Solar geoengineering by injecting aluminum oxide aerosol into the lower stratosphere is a serious threat to global mental health | The BMJ

2022-07-02 04:51:42 By : Mr. Shangguo Ma

A possible geoengineering method to mitigate the global warming aspect of climate change is the injection of aerosols into the lower stratosphere, closely mimicking the way large volcanic eruptions cool the climate. This method is called solar-radiation management (SRM) scheme or simply Solar Geoengineering (1). SRM has been suggested to be affordable and have high effectiveness compared with other geoengineering schemes that have been suggested to mitigate global warming (1). While sulphate aerosols are the most studied, it has been recently shown that aerosols with other compositions, aluminium oxide (alumina) and diamond, could be used to dramatically increase the amount of light scatter achieved on a per mass basis. Alumina particles formed after the alumina aerosol injection are more efficient scatterers and may have less severe technology-specific risks than sulfates. Thus, they are expected to be more efficient per unit mass for geoengineering applications (2).

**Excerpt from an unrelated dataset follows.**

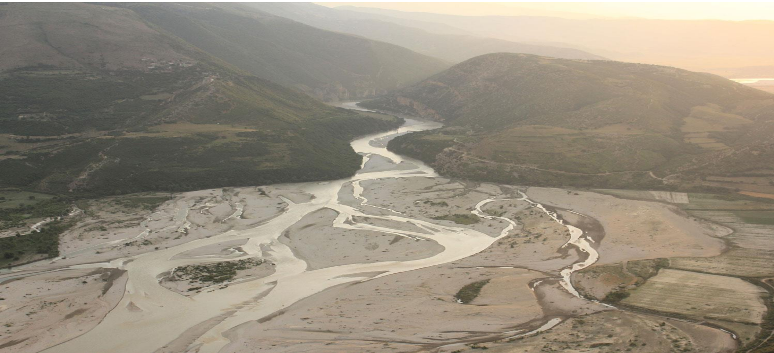
Albania's stunning Vjosa river. This section would be impounded if the Kalivac project goes ahead.

Nevertheless, it has also been suggested that SRM has a low associated safety compared with other geoengineering schemes because of its possible effects on regional climate, stratospheric ozone, high-altitude tropospheric clouds, biological productivity (3), and global biodiversity (4). We want to add a possible severe effect on Global Mental Health that could be caused by using alumina as light scattering. The average residence time of a particle in the lower stratosphere is approximately 1-2 years (1,3). After eventual transport into the troposphere, alumina particles undergo relatively rapid mixing processes by weather events, turbulence, and cloudscale overturning. They are mostly removed from the atmosphere by dry deposition, sedimentation, or scavenging by clouds, finally polluting the environment (1).

Aluminium has often been regarded as not posing a significant health hazard if the human body burden of aluminium has increased. Nevertheless, epidemiological studies suggest that aluminium may not be as innocuous as was previously thought and that aluminium may actively promote the onset and progression of Alzheimer's disease. This condition is the most common form of dementia and may contribute to 60 –70 % of cases. In 2015, dementia affected 47 million people worldwide (or roughly 5% of the world's elderly population), a figure predicted to increase to 75 million in 2030 and 132 million by 2050. Recent reviews estimate that each year nearly 9.9 million people develop dementia globally; this figure translates into one new case every three seconds (5). Even prolonged exposure to low levels of aluminium leads to changes associated with brain ageing and neurodegeneration (6).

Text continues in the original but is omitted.